Yüce Tanrı; hem Resul, hem de Nebisi olan Hz. Muhammed’e dahi, “Muhammed; sade bir elçidir”(Ali İmran, 143) “Rabbin isteseydi, yeryüzünde bulunanların hepsi toptan iman ederlerdi; sen halkı iman etmeleri için zorlamak mı istiyorsun?”(Yunus, 98) “Biz seni, hak ile müjdeci ve sakındırıcı olarak gönderdik.” (Bakara,118 ve Furkan,55) derken; Tanrı’nın Hz. Muhammed’e dahi vermediği, “iyiliği emretme ve kötülükten sakındırma” adına cinayet işleme hakkı(yetkisi)ni kendinde bulanlar; kendi Din ve Mezheplerinin ülkülerinden bihaber ve bir kısmını kullandıkları uygar dünyanın temel insan hak ve hürriyetlerini ayaklar altına alan caniler olarak, tarihimizin(hatta insanlık tarihinin) benzer kara sayfaları arasında büyük bir utançla anılacak yerlerini almışlardır..
***
Bu gün için uygar dünyanın Temel Hak ve Hürriyet’lerin asli referansı, AB İnsan Hakları Sözleşmesi, BM Siyasi ve Medeni Haklar Uluslararası Sözleşmesi, Avrupa Anayasası, AİHM Kararları… özetle Kopenhag Siyasi Kriterleridir…
1976 yılında, çocuk pornosu konusundaki bir davanın görülmesi sonucu; AİHM ünlü “Handyside Kararları,” düşünce özgürlüğünü söyle tanımlar: “Düşünceyi açıklama özgürlüğü, bu tür toplumun temel unsurlarından birini, her ferdin gelişiminin ve ilerlemesinin zorunlu kabullerinden birini oluşturur. 10. maddenin 2. paragrafı saklı kalmak üzere, düşünceyi açıklama özgürlüğü, sadece hoşa giden veya zararsız ya da tepki yaratmaz sayılan « haber » veya « fikirler » için değil, fakat, devlete veya halkın bir kısmına ters düşen, şoke eden ya da üzüntüye sevk edenler içinde geçerlidir. Çoğulculuk, hoşgörü ve yeniliğe kucak açma bunu gerektirir ve bunlar olmadan demokratik toplum olmaz.” (Çeviren Prof. Dr.
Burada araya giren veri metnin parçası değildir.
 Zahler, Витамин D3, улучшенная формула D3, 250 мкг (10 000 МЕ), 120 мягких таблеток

Durmuş TEZCAN DEÜ Hukuk Fakültesi Öğretim Üyesi)
***
Alevilerin, her yıl büyümekte olan etkinliklerle “Sivas Katliamı”nı kınayarak fikri takip yapmaları, bir kısım medya mensubu tarafından, “kin ve nefreti tahrik etmek…” olarak ta yansıtılmaya çalışılmaktadır…
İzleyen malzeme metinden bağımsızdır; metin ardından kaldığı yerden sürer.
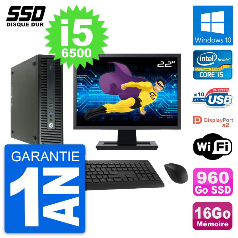 PC HP ProDesk 600 G2 SFF - Intel Core i5-6500 3.2 Ghz (6 Mo) - 16 Go DDR4 - SSD 960 Go - Clef Wifi USB - Windows 10 - Livré avec Ecran 22" + clavier + souris (Marques et modèles variables) - Garantie 1 an.

Uygar dünyanın bir üyesi olarak Alman Devleti “Solingen Katliamı” ertesinde, katliamı kınamış, ırkçılığı reddetmiş, canilerin peşine düşüp bu evin müze olmasına izin vererek; böylesi bir insanlık ayıbı olan olaydan yüz akı ile çıkmasını bilmiştir.
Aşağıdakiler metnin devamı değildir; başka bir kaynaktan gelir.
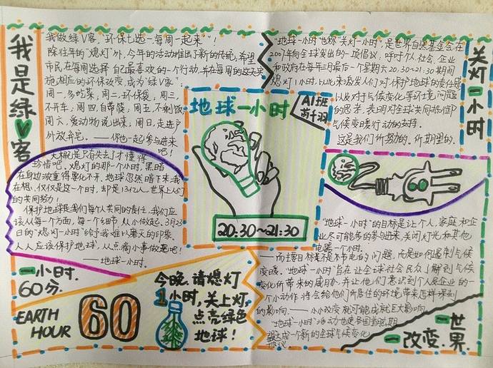 “地球一小时”是一项全球性公益活动,在每年3月最后一周的周六20:30—21:30自愿关灯一小时,以此来激发人们对保护地球的责任感,以及对气候变化等环境问题的思考。今年“地球一小时”活动主题为:“我做绿v客”,内容除传统的熄灯外,还鼓励大家在七项的环保活动中选一项,并在每周固定的一天坚持开展。

Oysaki bizim bu çıkışımız; Devletimizin de diğer uygar ülkeler gibi öz eleştiri yapan; bu ülkede yurttaş olabilmek için ille de “Türk ve İslam” olmak gibi bir zorunluluğun olmadığı, onca yıllık laiklik hamasetine rağmen, Sivas’ta yaşananlarda devletin zaafı olduğunu, Türkiye’nin 21.yy.’da artık “Madımak’lar” görmek istemeyen (buna müsaade etmeyecek olan) ve bunun bir insanlık ayıbı olduğunu söyleyip Alevi yurttaşlarından özür dileyen; Cumhuriyetimizin çoğunluk diktatörlüğü olmaktan çıkışı ve AB standartlarında Demokratik bir Cumhuriyet olmasına; T.C. Devletine vatandaşlık bağı ile bağlı olan yurttaşların hepsinin hem yasa önünde, hem de fiiliyatta eşit, birinci sınıf yurttaşlar olduğu bir hukuk devleti haline gelme sürecine katkı mahiyetinde, bir temel insan hak ve hürriyetini kullanmaktan ibarettir.
İşte bu yüzdendir, her 3 Temmuz’da bu çirkinliği gün yüzüne çıkarışımız!.. Bu, aynı zamanda sonuçları itibari ile ülkemizi 21.yy.’da kendisi gibi inanmayan ve düşünmeyenlerin yakıldığı bir ülke görüntüsünden çıkarmak ve inancın ülkülerinden bihaber bir avuç yobazın İslam’a sürdükleri bu lekeden, İslam’ın aklanmasına katkı bakımından da, kin ve nefrete tahrik değil, Alevi-Sünni… kardeşliğine hizmet için daha üst bir kimlik ve çerçeve oluşturma gayretidir de.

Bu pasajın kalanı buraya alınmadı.